WORK TO COMPLETE:
Working from the records below, repeat exactly the lines starting at the line that contains "Deze foto is" and ending at the line that contains "على نارٍ هادئة.", inclusive.

INFORMATION PROVIDED:
===
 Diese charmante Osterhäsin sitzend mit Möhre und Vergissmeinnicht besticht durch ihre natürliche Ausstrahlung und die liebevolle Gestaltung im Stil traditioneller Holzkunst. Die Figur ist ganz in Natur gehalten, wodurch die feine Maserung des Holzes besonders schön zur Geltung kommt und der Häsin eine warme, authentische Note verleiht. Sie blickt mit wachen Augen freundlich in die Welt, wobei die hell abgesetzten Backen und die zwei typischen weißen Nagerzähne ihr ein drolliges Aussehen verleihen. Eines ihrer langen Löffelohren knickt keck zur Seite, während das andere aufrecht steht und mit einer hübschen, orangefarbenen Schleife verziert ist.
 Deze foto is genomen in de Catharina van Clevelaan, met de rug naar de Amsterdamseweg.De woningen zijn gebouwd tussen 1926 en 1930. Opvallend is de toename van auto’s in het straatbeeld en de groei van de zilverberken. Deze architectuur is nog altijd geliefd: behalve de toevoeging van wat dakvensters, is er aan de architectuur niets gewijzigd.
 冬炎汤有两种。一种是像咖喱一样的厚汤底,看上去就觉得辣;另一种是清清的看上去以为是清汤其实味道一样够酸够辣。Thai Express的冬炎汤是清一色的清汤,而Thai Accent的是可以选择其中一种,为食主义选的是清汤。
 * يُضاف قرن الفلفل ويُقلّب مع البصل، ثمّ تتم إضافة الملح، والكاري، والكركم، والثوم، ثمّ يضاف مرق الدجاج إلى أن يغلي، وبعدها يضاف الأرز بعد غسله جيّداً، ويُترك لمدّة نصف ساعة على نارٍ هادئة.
===
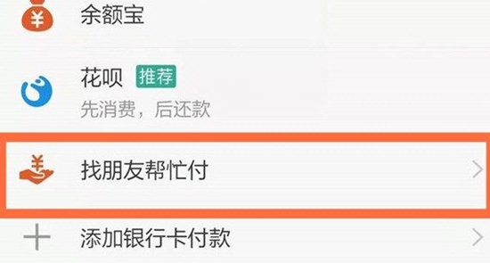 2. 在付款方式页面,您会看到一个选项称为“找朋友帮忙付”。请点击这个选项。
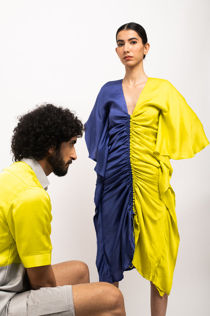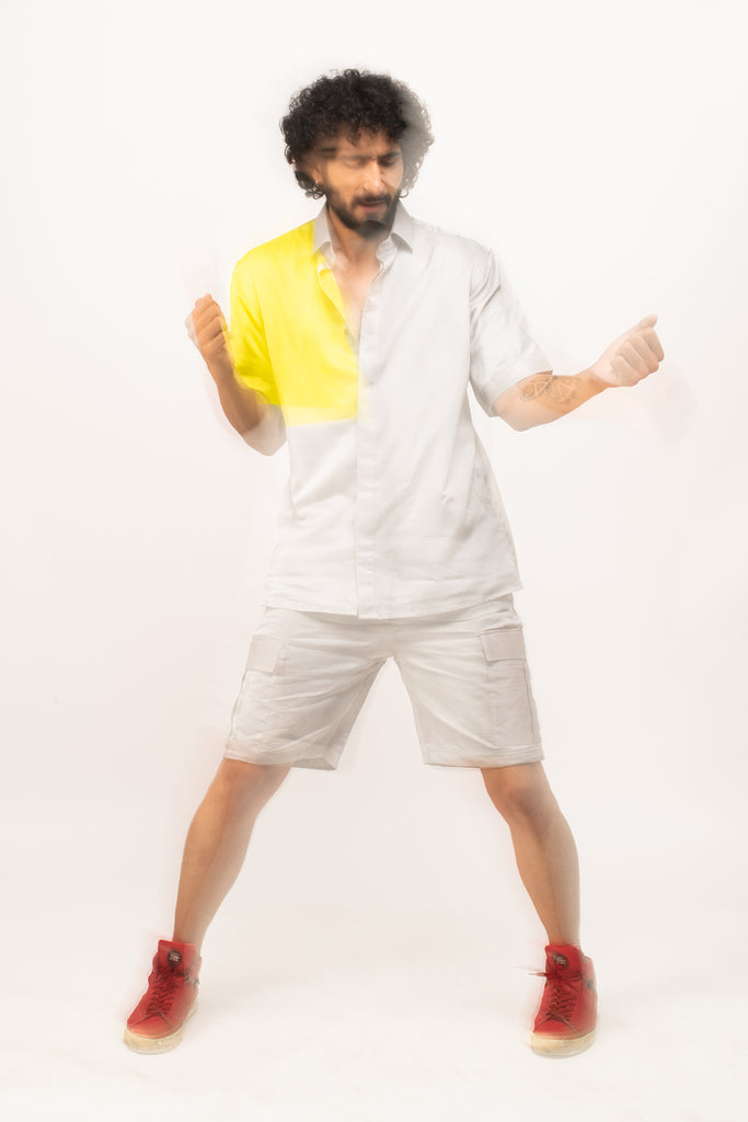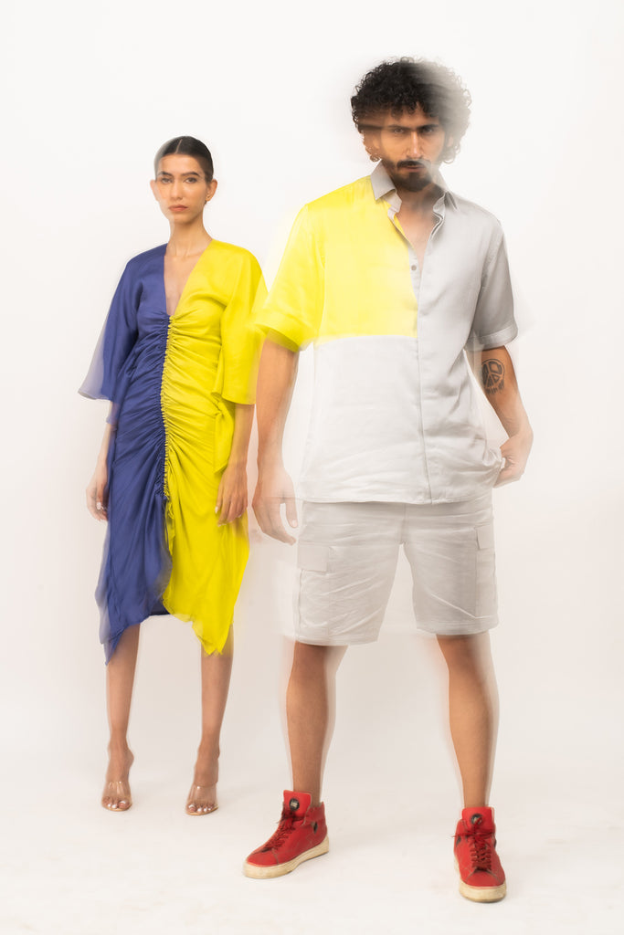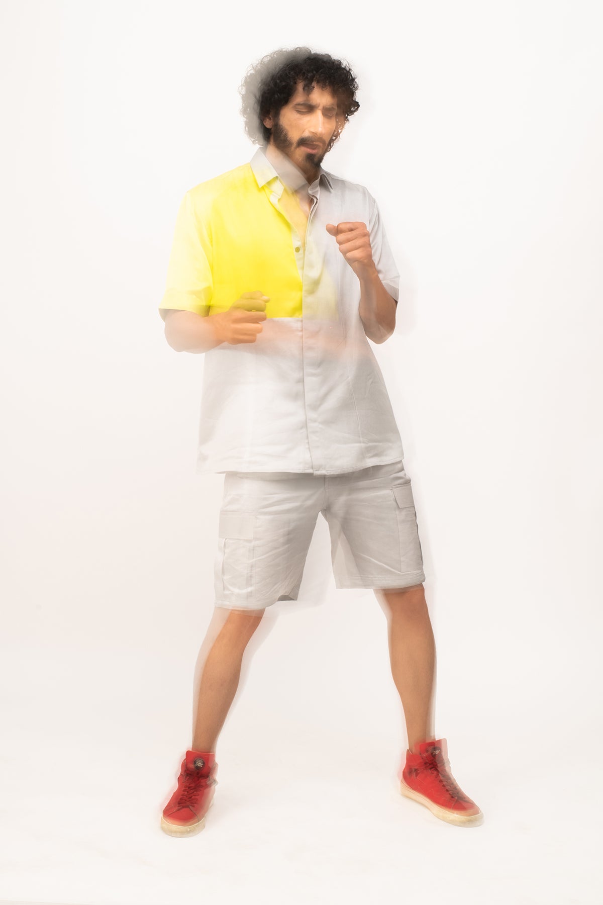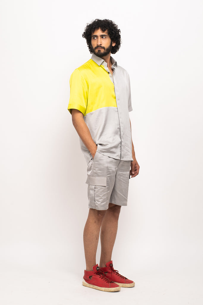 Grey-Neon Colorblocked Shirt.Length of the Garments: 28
===
ANSWER BOX:
 Deze foto is genomen in de Catharina van Clevelaan, met de rug naar de Amsterdamseweg.De woningen zijn gebouwd tussen 1926 en 1930. Opvallend is de toename van auto’s in het straatbeeld en de groei van de zilverberken. Deze architectuur is nog altijd geliefd: behalve de toevoeging van wat dakvensters, is er aan de architectuur niets gewijzigd.
 冬炎汤有两种。一种是像咖喱一样的厚汤底,看上去就觉得辣;另一种是清清的看上去以为是清汤其实味道一样够酸够辣。Thai Express的冬炎汤是清一色的清汤,而Thai Accent的是可以选择其中一种,为食主义选的是清汤。
 * يُضاف قرن الفلفل ويُقلّب مع البصل، ثمّ تتم إضافة الملح، والكاري، والكركم، والثوم، ثمّ يضاف مرق الدجاج إلى أن يغلي، وبعدها يضاف الأرز بعد غسله جيّداً، ويُترك لمدّة نصف ساعة على نارٍ هادئة.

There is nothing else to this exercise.